Máquina de cartões opera com duas bandeiras

O comércio já pode utilizar a mesma máquina de cartão de débito e crédito para bandeiras diferentes. Com isso, o lojista poderá alugar apenas uma máquina para operar as transações de cartões de bandeiras diferentes. A notícia é da Agência Brasil.

A mudança reflete, principalmente, no bolso do pequeno comerciante, que paga entre R$ 80 e R$ 140 pelo aluguel mensal do terminal de operação. O modelo que vigorou até agora obrigava o lojista a alugar, no mínimo, duas máquinas de credenciadoras diferentes para receber os cartões da maioria dos consumidores.

Atualmente, existem no país 5 milhões de máquinas alugadas de credenciadoras em 1,5 milhão de estabelecimentos comerciais, segundo dados da Confederação Nacional de Dirigentes Lojistas (CNDL).

Segundo o presidente da entidade, Roque Pellizzaro Junior, o pagamento do aluguel de máquinas representa cerca de 23% da renda das principais credenciadoras. Ele acredita que, apesar de a medida promover a redução do número de máquinas alugadas, as credenciadoras não devem ter grandes prejuízos.

“Em até quatro meses as duas principais credenciadoras tendem a perder 50% da base de clientes, mas isso não significa perda de faturamento porque aceitando várias bandeiras em uma máquina, elas vão negociar entre si para equilibrar as entradas”.

Além disso, elas devem passar a oferecer outros serviços que possam substituir essa receita, como recarga de celular e pagamento de contas feitos por meio das maquininhas de cartão.

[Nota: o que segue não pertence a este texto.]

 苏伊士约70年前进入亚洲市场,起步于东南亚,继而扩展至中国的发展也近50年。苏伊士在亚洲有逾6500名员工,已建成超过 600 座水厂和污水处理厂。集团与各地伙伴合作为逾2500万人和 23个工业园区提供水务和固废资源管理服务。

Para Pelizzaro, a grande vantagem da mudança é promover o aumento da concorrência no setor, dominado pelas bandeiras Visa e Mastercard. Juntas, elas representam 96,65% do mercado.

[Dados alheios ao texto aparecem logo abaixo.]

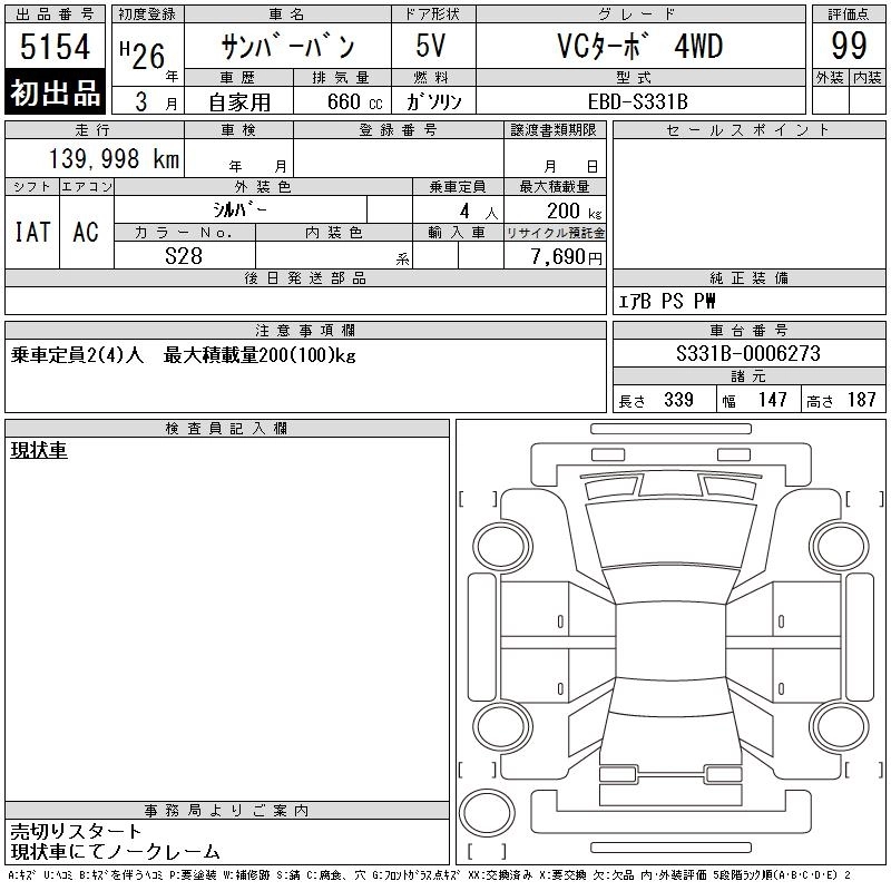 Год выпуска2014 Пробег 140 000 км КузовS331B КомплектацияVC TURBO 4WD

O presidente do CNDL acredita que, com a competição, devem cair as taxas administrativas, o tempo que o lojista leva para receber da operadora, além do aluguel, cujo valor “deve chegar a zero”.

O consumidor também deve ser beneficiado pela criação de bandeiras, que devem oferecer facilidades, como redução de juros e de anuidade, para conquistar os clientes.

A mudança é resultado de um acordo entre as empresas Cielo e Visa intermediado pelo Ministério da Justiça. No entanto, não tem validade legal. “Nada garante que as coisas não possam voltar a ser como antes”, afirma Pelizzaro. No Congresso, a Frente Parlamentar Mista do Comércio Varejista propõe a criação de lei que promova a transparência e a redução das taxas administrativas e dos prazos de pagamento ao lojista cobradas dos lojistas.